UX 担当者でもありブロガーでもある私は、ユーザーの怒りがあるなら(顧客とユーザーは違う。顧客は払うが、ユーザーは使う)、最初はどれほどイラつく苦情でも、改善の余地があることが多いと知っている。

何が足りないかは分かっている。試用版だ。これほど多くの人が、試したあとで Writer を好きになってくれたのだから、自分たちの経験も裏づけられている。だから本当は試用版を提供したい。少なくとも試用版にチャンスを与えたい。だが:

  1. iA Writer は完全に機能していなければならない。機能が制限された試用版は不可だ
  2. 私たちはライセンス済みのフォントを使っている
  3. 試用版はソフトウェア本体と同じ品質でなければならない
  4. iA Writer には最初の学習曲線が少しある。買った人は 30 秒でそれを越えられる。買うつもりがあるからだ。ただ触ってみるだけなら、10 秒早く見切ってしまうかもしれない

これは私たちが社内で初めて作るデスクトップアプリなので、試用版への取り組み方にはかなり慎重になるつもりだ。これに使えるフレームワークがあるのは知っているが、試用版を市場に出す前に徹底的に試したい。私の経験では、試用版の大半は気分が悪くなる。試用ソフトを試しているときの、私の(利己的で、愚かな)感情をいくつか挙げると、たいていは買わないための安っぽい理屈だ。

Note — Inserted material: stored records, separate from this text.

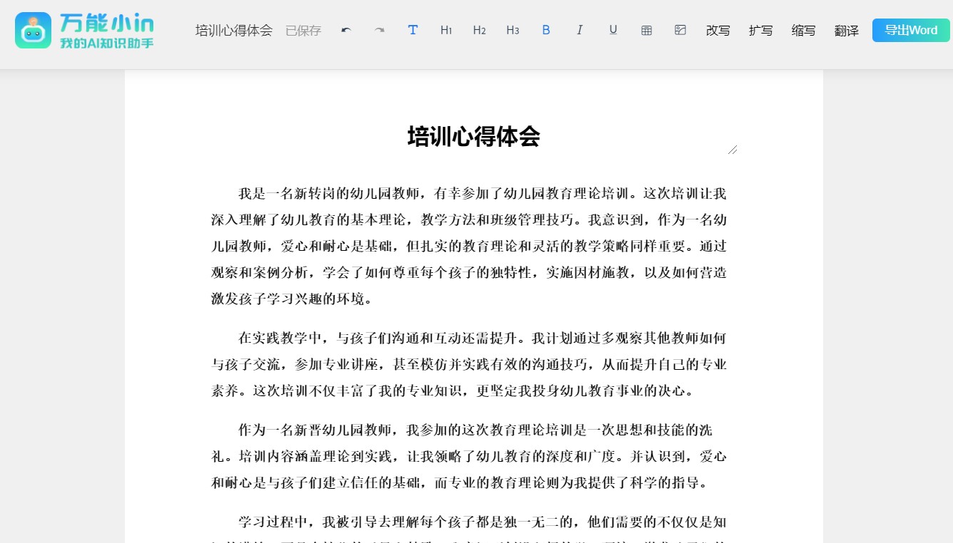 万能小in正好是你抒发内心所想的得力助手,一分钟3000字,个性化定制原创文章,再也不用反反复复的修改啦!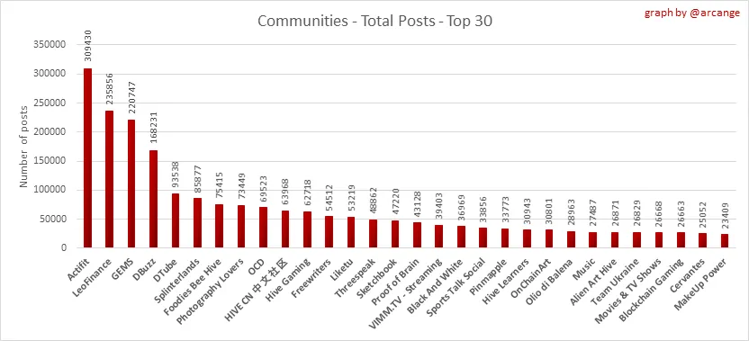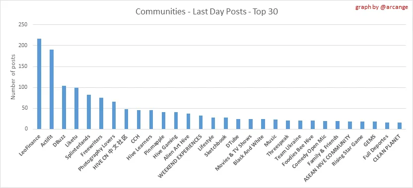 These graphs show the most active communities by number of posts (blockchain lifetime and last day).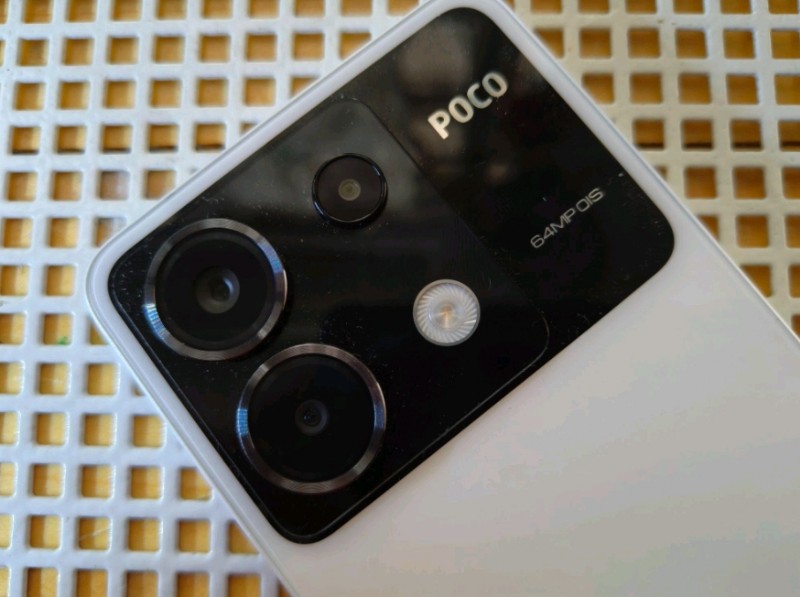 Tonjolan sensornya terlihat jelas saat diletakkan di vbidang datar. Di samping sensor terdapat branding Poco dan teks ‘64MP OIS’.
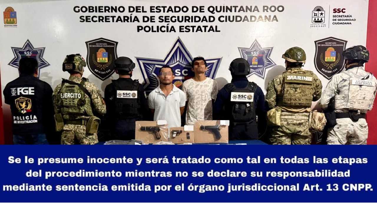 Los detenidos fueron identificados como Hugo Rafael “N” y Esban Haziel “N”, quienes presuntamente están implicados en delitos contra la salud y portación de arma de fuego. En el operativo participaron de manera coordinada elementos de la Secretaría de Marina, Secretaría de la Defensa Nacional, Guardia Nacional y la Fiscalía General del Estado de Quintana Roo, como parte de las acciones para reforzar la seguridad en zonas prioritarias.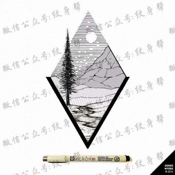 日月山脉简约纹身手稿一组9张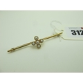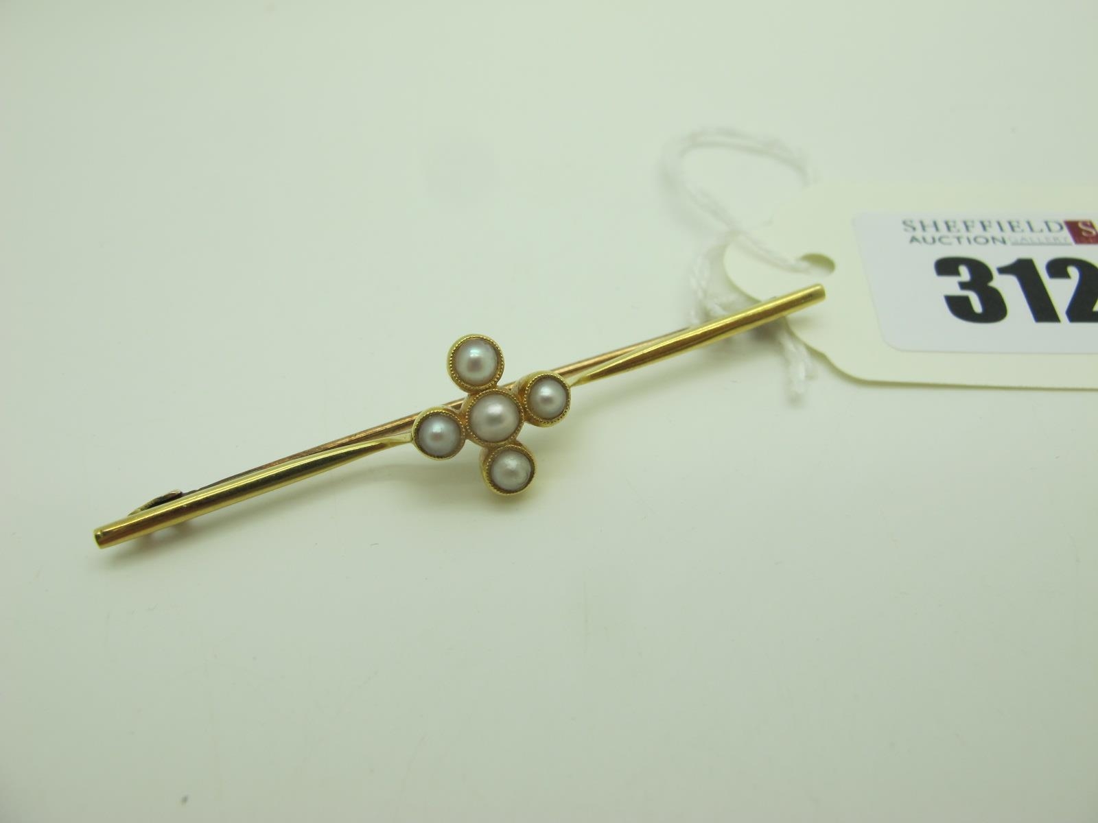 A Pearl Set Bar Brooch, collet set, between plain bar.

  1. 「すごくいいけど、もう持ってる。なんで買う必要があるんだ?」
  2. 「これが必要だ。向こうが買わせようとしてくる! 人質に取られてるみたいだ!」(Adobe 症候群)
  3. 「なんで自分のコンピュータで動いているソフトを、勝手に止めるんだ?」
  4. 「え、残り 4 日だけ? なんてケチな野郎どもだ!」(!)
  5. 「もうコンピュータにはソフトが十分ある。手に入った以上、試す必要はない」
  6. 「ああ、これを覚えないといけないのか。いや、また今度にしよう……」
  7. 「この無料試用の連中、ちょっと必死すぎない? 必死な人を応援する気にはならない」

などなど。

私たちは、試しているあいだに制限されることなく、何かより多くを得たと感じて、買うのを楽しみにしてもらえる試用版を出したい。だが、そんな試用版はどう実現するのか。私たちは、製品の他のあらゆる面を作るときと同じように、試用版の概念でも優れたいと思っている。今のところ、試用版はなくても困らない。だが、試せば Writer をもっと好きになってくれる人がたくさんいることは分かっている。あとは、それをどう正しくやるかを見つけるだけだ。

4. 次のアップデート

主要なバグと、1.0 のいけてない制限に対処する 1.0.1 をリリースしたばかりだ。Writer for Mac には現在、次の機能がある。

  • Cmd-B と Cmd-I の Auto-Markdown ショートカット
  • HTML 書き出し
  • フルスクリーンでの単語数・文字数カウントと読書時間
  • さまざまなファイル形式(.mkd、.text など)での開く・保存
  • フルスクリーン、タイトルバー、印刷などのバグ修正

2 週間という短い期間では対処できなかった問題がまだいくつかあるが、まもなくさらにアップデートを出す予定だ。今後のバージョンでは、テキストのズーム +/−、より多くの言語、QuickCursor 互換性、よりよいファイル処理、スマートクォート、記憶されるスペル設定、ウィンドウサイズ、そしてまだ話したくない、とてもクールなものが追加される。